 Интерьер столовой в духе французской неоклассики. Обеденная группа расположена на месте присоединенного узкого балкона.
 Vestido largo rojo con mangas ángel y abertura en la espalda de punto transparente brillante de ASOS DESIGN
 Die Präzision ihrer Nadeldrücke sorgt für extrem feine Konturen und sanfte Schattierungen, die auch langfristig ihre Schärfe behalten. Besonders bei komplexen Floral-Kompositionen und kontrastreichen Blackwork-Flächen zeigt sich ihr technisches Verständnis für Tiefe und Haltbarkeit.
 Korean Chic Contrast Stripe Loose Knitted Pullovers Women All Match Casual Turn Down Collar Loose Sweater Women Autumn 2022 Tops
---
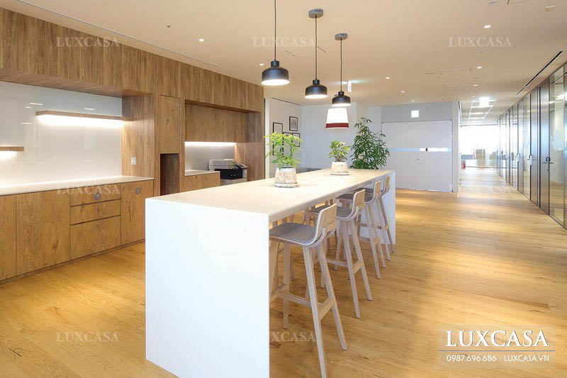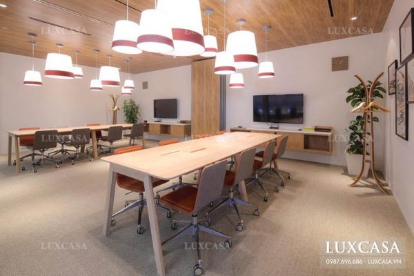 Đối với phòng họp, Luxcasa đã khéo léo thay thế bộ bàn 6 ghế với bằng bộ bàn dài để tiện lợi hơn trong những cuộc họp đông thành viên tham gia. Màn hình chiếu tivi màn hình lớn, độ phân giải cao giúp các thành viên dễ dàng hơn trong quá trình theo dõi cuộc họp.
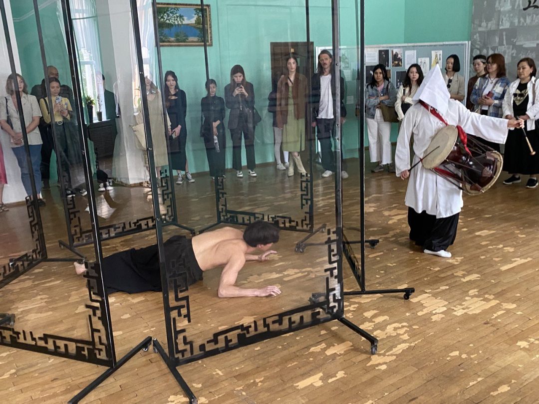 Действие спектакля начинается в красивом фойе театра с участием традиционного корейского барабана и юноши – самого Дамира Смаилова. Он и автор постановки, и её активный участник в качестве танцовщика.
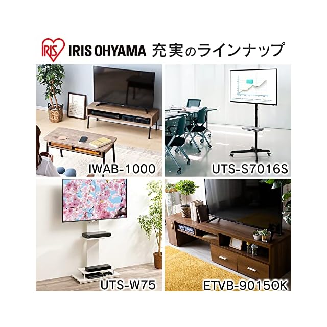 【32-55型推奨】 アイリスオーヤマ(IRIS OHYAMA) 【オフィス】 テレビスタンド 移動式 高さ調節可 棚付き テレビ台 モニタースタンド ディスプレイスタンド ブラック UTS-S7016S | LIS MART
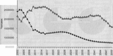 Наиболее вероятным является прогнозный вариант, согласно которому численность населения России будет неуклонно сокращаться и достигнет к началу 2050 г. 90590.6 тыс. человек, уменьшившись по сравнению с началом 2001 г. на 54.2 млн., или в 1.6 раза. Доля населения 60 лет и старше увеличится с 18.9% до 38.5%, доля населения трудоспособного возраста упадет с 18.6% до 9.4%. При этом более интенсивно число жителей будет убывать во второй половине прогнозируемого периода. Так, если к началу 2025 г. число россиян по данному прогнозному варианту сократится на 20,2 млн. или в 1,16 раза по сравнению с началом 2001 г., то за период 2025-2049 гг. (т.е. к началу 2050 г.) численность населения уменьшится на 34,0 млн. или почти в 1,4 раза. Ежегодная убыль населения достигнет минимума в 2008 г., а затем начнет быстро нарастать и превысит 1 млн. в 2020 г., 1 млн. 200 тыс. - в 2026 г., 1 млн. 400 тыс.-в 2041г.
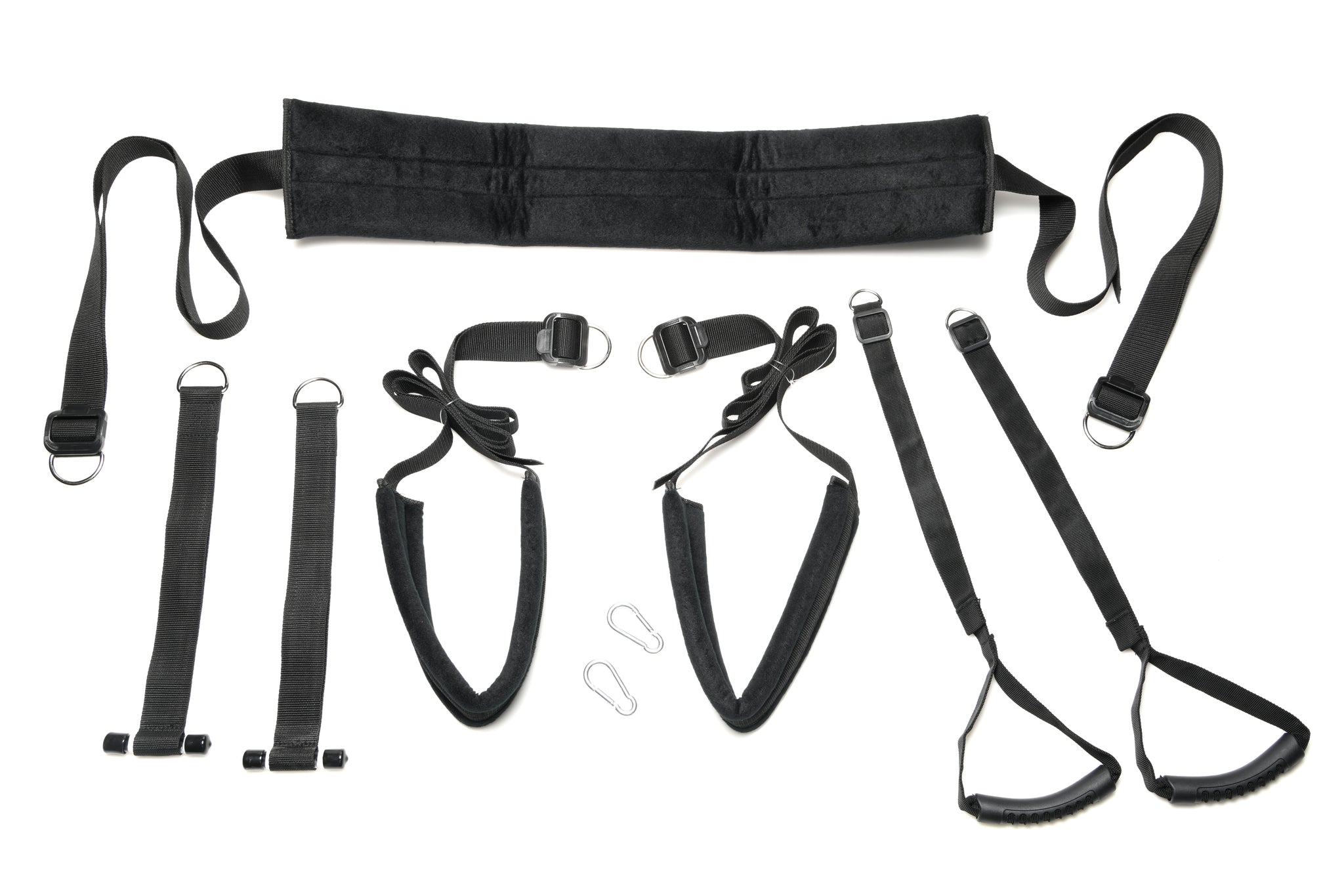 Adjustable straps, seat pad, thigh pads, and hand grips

**Problem to solve**
Reproduce the entries exactly, from the line with "Đối với phòng" to the line with "UTS-S7016S | LIS MART", both lines included, keeping no pictures.

**Solution below**
 Đối với phòng họp, Luxcasa đã khéo léo thay thế bộ bàn 6 ghế với bằng bộ bàn dài để tiện lợi hơn trong những cuộc họp đông thành viên tham gia. Màn hình chiếu tivi màn hình lớn, độ phân giải cao giúp các thành viên dễ dàng hơn trong quá trình theo dõi cuộc họp.
 Действие спектакля начинается в красивом фойе театра с участием традиционного корейского барабана и юноши – самого Дамира Смаилова. Он и автор постановки, и её активный участник в качестве танцовщика.
 【32-55型推奨】 アイリスオーヤマ(IRIS OHYAMA) 【オフィス】 テレビスタンド 移動式 高さ調節可 棚付き テレビ台 モニタースタンド ディスプレイスタンド ブラック UTS-S7016S | LIS MART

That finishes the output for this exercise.